RADOGOST: Where archaeological documentation goes so it doesn’t disappear

What happens to documentation after the field season ends? RADOGOST helps store and share archaeological data so it can be found, understood, and reused.

Imagine a classic scenario: fieldwork, hundreds of photos, RTK GPS files, sketches, context descriptions, 3D models, artefact tables, analytical notes. Then “after the season”, when archaeologists return home and sit down at desks and in libraries, everything lands on a hard drive. The data gets sorted and usually ends up in folders named “NEW”, “FINAL”, “FINAL_2”… and starts living a life of its own. After a year, no one remembers which file is current. After five years, no one knows whose coordinates those were, what the methodology was, or whether it’s even allowed to show it to anyone.

Now consider another perspective: science based on verification, re-analysis, and data reuse. This is exactly where RADOGOST comes in.

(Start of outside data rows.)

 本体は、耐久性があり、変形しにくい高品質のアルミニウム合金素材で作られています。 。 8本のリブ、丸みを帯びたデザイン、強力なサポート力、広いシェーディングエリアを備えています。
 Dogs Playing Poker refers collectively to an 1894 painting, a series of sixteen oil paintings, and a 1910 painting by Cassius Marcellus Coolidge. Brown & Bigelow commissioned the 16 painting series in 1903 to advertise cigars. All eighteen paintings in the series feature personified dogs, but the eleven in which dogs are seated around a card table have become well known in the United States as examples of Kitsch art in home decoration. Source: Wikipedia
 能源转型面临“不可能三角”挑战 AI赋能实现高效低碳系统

Ilustracja wykonana w Midjourey, promt: obraz abstrakcyjny, wczesnośredniowieczny rycerz w centrum danych ed. J.M.Chyla
Ilustration made in Midjourney, promt: abstract painting of a early medieval warrior in data center
ed. J.M.Chyla

What is RADOGOST?

RADOGOST is an open repository for archaeological research data, created so that data from research can be stored safely, described sensibly, searched easily, and shared, including with people outside the research team. The repository is available at radogost.dariah.pl and is being developed by teams from the University of Warsaw and Maria Curie-Skłodowska University (UMCS), in collaboration with experts in digital infrastructure and tools.

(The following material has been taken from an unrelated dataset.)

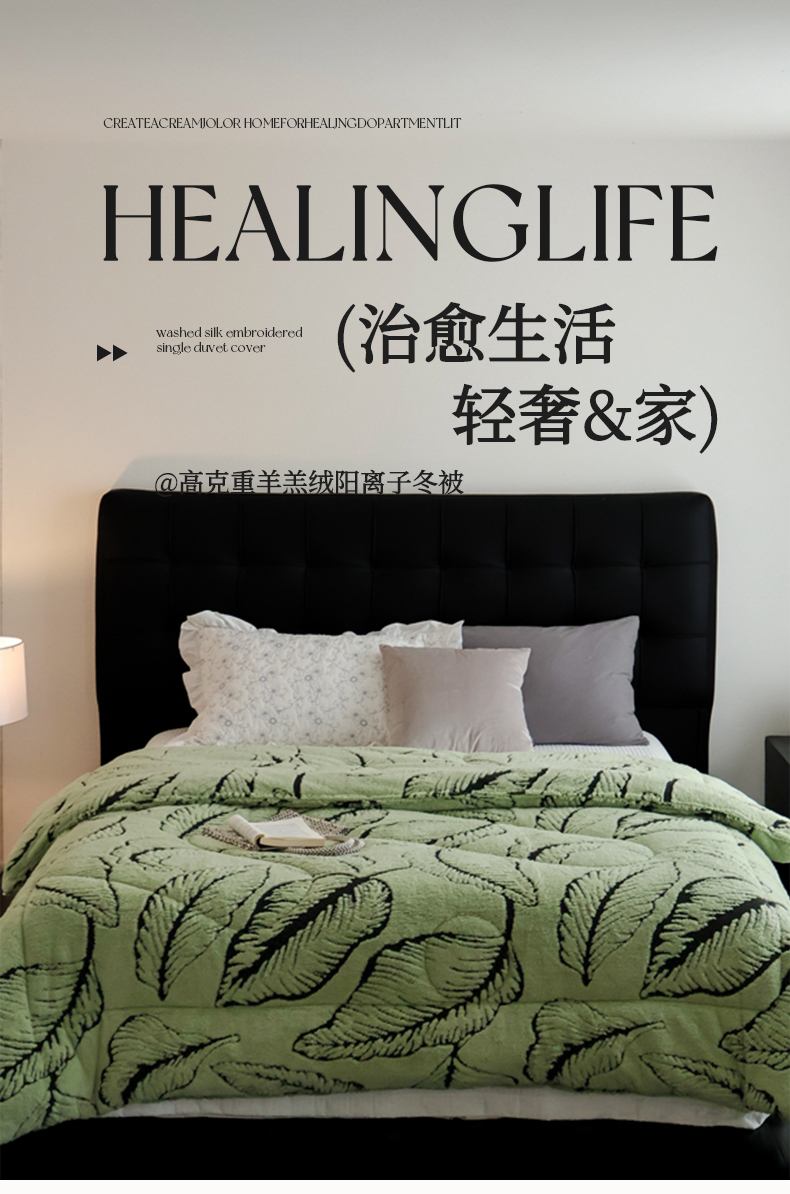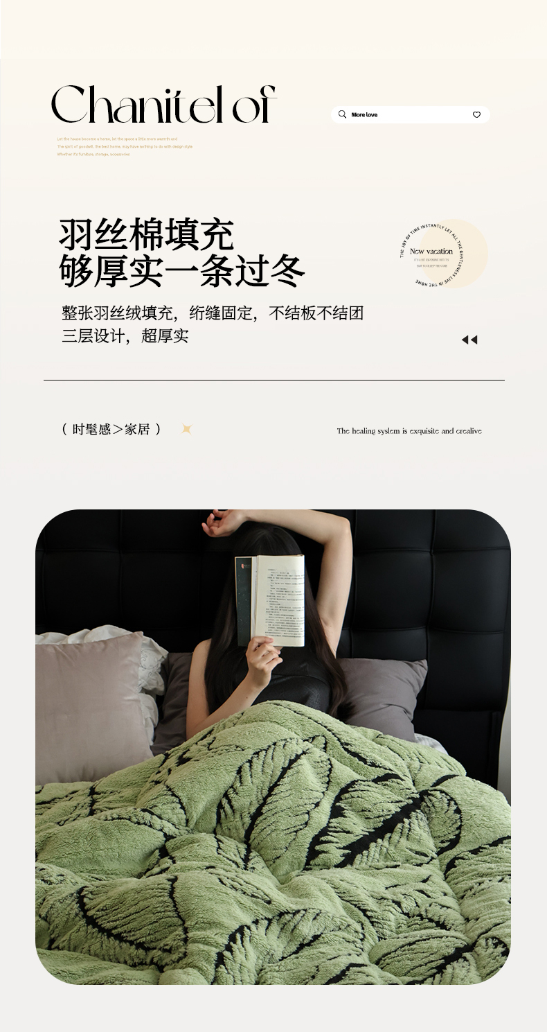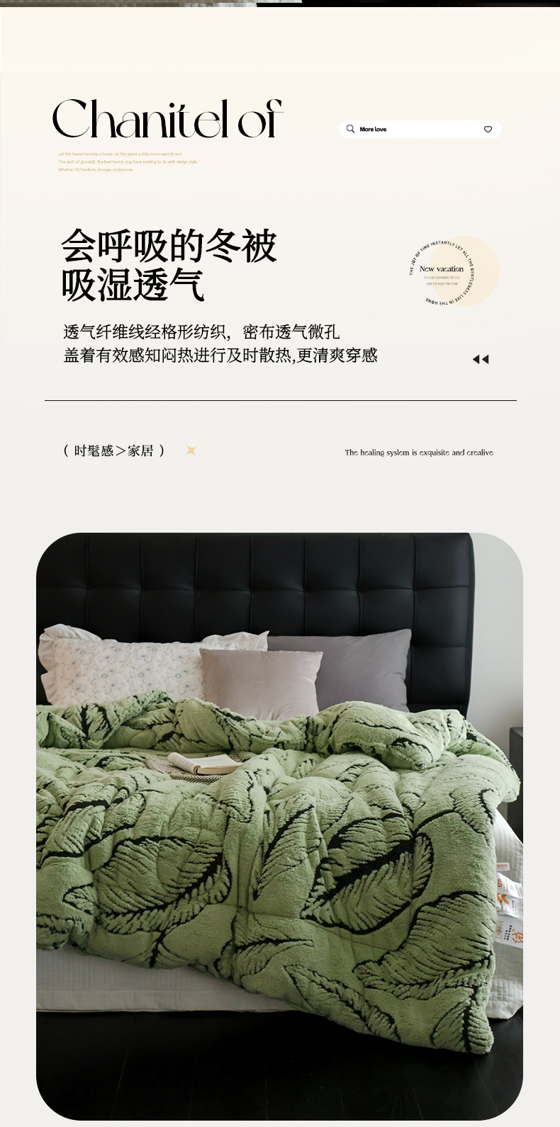 商品名称:申龙家纺 2025新款塔芙绒阳离子冬被 繁叶-绿
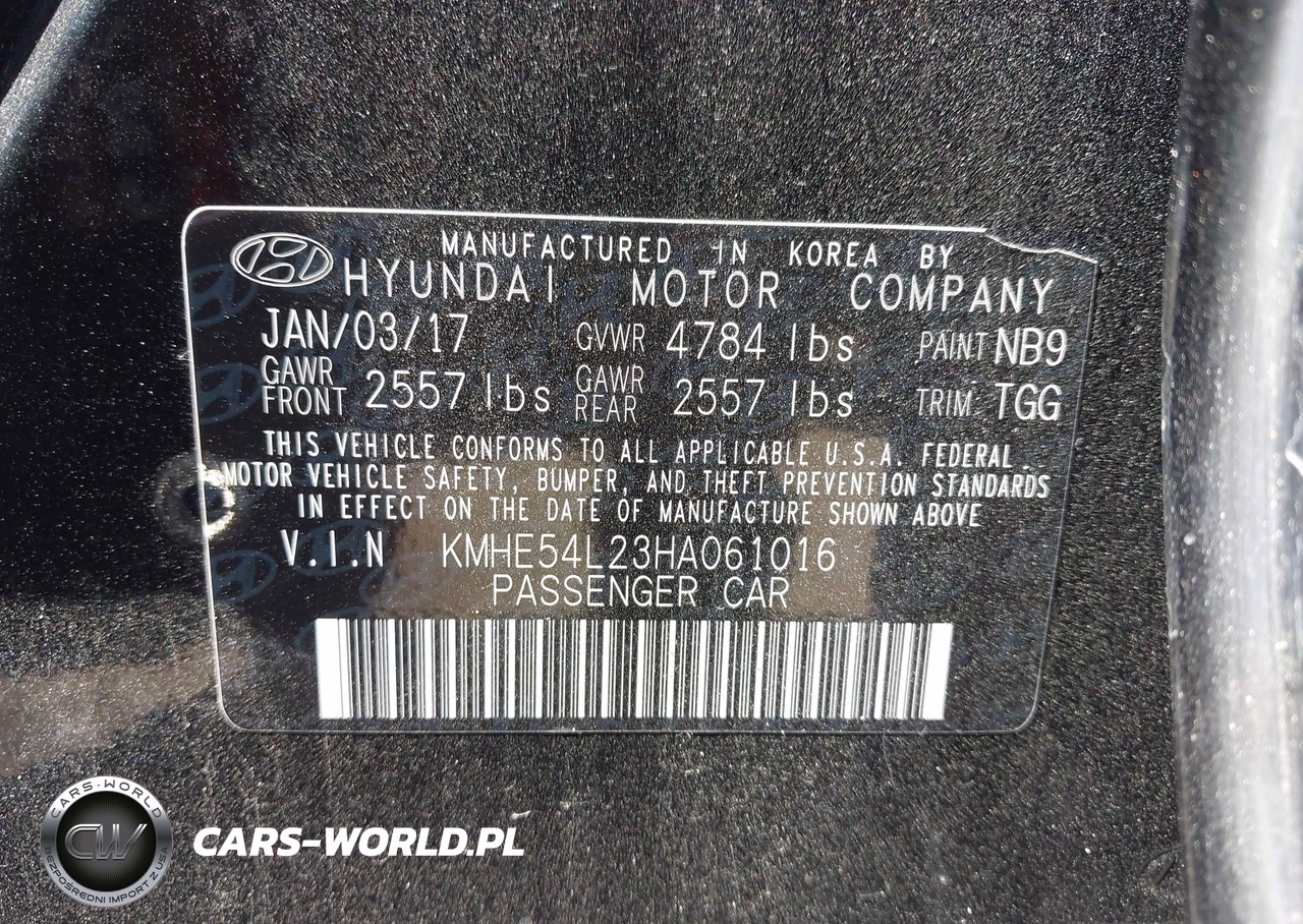 IAAI Nr: I-44486086 VIN: KMHE54L23HA061016 Port: Los Angeles, CA

In practice, RADOGOST is meant to be a place where “life after excavations” matters just as much as the field season itself.

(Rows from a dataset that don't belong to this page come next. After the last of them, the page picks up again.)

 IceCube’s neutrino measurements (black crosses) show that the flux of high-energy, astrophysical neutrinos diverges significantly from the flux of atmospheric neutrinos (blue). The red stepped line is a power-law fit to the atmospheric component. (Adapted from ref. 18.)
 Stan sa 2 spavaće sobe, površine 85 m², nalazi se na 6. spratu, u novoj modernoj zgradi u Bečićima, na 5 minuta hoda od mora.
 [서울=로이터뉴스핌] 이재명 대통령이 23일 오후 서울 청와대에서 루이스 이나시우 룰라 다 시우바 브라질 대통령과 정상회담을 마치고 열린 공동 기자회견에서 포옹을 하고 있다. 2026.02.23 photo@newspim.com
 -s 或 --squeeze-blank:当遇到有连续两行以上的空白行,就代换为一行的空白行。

Why does archaeology need a data repository?

In archaeology it’s easy to forget that the “real” excavation is not only soil. It is also thousands of small decisions and records: where exactly an artefact was found, in which layer, in what relation to other finds and features; what the profile looked like; what the coordinates were for the site, trench, or artefact locations. Excavation also means thousands of photos, drawings, 3D models, GIS layers, notes, and tables. All of this is part of the context and in archaeology context cannot be documented again. Once we disturb it (even in the best research-driven way), it cannot be “recreated” like a laboratory experiment.

Then the season ends and a second, less spectacular part of the work begins. Data travels to hard drives, cloud folders, private accounts, and directories with names that often serve a magical function: they promise a quick finish through sheer affirmation. And that is still the ideal case. Over the following months, many things can happen that strongly affect our digital data: someone changes a computer, someone leaves the team, links expire. With time, even the authors are no longer sure which version is the correct one, and an outsider has no chance of understanding what they are actually looking at. In the worst-case scenario, not only the site disappears, but its digital trace disappears too. From the perspective of science, that is a double loss.

To prevent these serious and common research problems, an archaeological data repository is needed. Not only as a “file warehouse”, but as a place where data receives description, becomes organised, and gains meaning: it turns into information. It becomes clear who created it, how, when, under what rules it can be used, and how it should be cited.

A repository also provides something an ordinary hard drive cannot: accessibility, durability, order, and the real possibility of returning to sources. This is not only about a backup. It is about data described in a way that someone outside the team can understand: what the columns in a table mean, how GIS layers were created, what photogrammetry settings were used, what is a working version and what is final. Thanks to this, research results can be verified, compared with other projects, and interpreted anew. Just as importantly, they can be included in broader comparisons: between regions, periods, and documentation methods. This is the moment when data stops being “our files” and starts functioning as part of a shared knowledge infrastructure, useful to other researchers, heritage protection institutions, educators, and many other users.

Polish researchers and open science

This changes the logic of collaboration. Instead of exchanging data via emails, external drives, and expiring links, a model emerges in which data can be published for reuse in a controlled way, with clear access rules, licences, attribution, and citability. This matters especially in archaeology, where fieldwork is limited, research is expensive, and contexts never repeat. If data is accessible and well described, we do not have to “start from zero” with every new project and every new research question. We can build on what already exists instead of wasting time guessing what was once recorded in a file without metadata.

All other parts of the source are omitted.